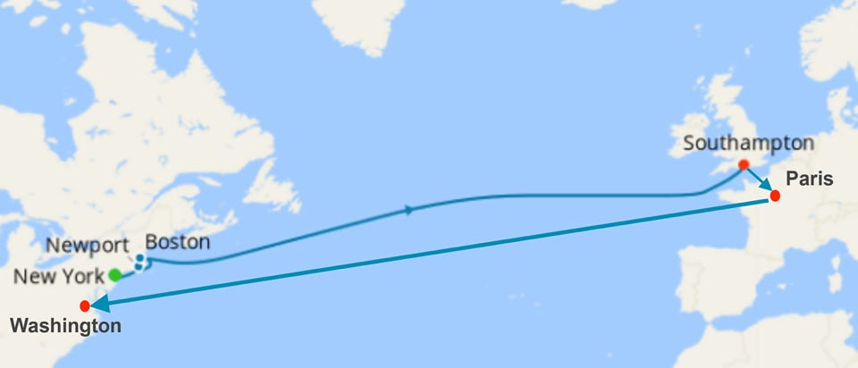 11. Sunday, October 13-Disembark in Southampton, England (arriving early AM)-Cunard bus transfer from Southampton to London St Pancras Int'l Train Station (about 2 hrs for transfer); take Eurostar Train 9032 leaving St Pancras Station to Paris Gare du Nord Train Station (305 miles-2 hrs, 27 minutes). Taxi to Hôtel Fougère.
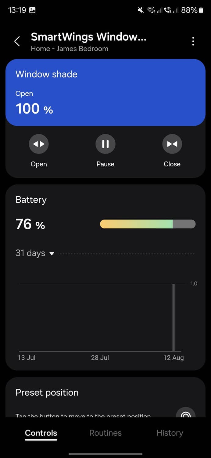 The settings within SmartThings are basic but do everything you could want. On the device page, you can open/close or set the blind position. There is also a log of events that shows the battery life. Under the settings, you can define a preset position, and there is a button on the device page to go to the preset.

■ ■ ■

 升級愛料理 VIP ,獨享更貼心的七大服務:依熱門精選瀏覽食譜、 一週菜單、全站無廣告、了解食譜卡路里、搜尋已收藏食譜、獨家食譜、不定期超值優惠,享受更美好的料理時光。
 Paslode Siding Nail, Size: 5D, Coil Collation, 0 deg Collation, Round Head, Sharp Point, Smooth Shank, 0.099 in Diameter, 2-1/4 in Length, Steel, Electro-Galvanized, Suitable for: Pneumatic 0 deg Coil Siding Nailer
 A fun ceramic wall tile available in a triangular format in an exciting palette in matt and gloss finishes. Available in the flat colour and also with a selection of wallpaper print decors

■ ■ ■

- **TASK GOAL**
Beginning with the line holding "Paslode Siding Nail, Size: 5D, Coil" and ending with the line holding "A fun ceramic", write out the stretch of material above exactly; add no further lines.

- **RESPONSE BELOW**
 Paslode Siding Nail, Size: 5D, Coil Collation, 0 deg Collation, Round Head, Sharp Point, Smooth Shank, 0.099 in Diameter, 2-1/4 in Length, Steel, Electro-Galvanized, Suitable for: Pneumatic 0 deg Coil Siding Nailer
 A fun ceramic wall tile available in a triangular format in an exciting palette in matt and gloss finishes. Available in the flat colour and also with a selection of wallpaper print decors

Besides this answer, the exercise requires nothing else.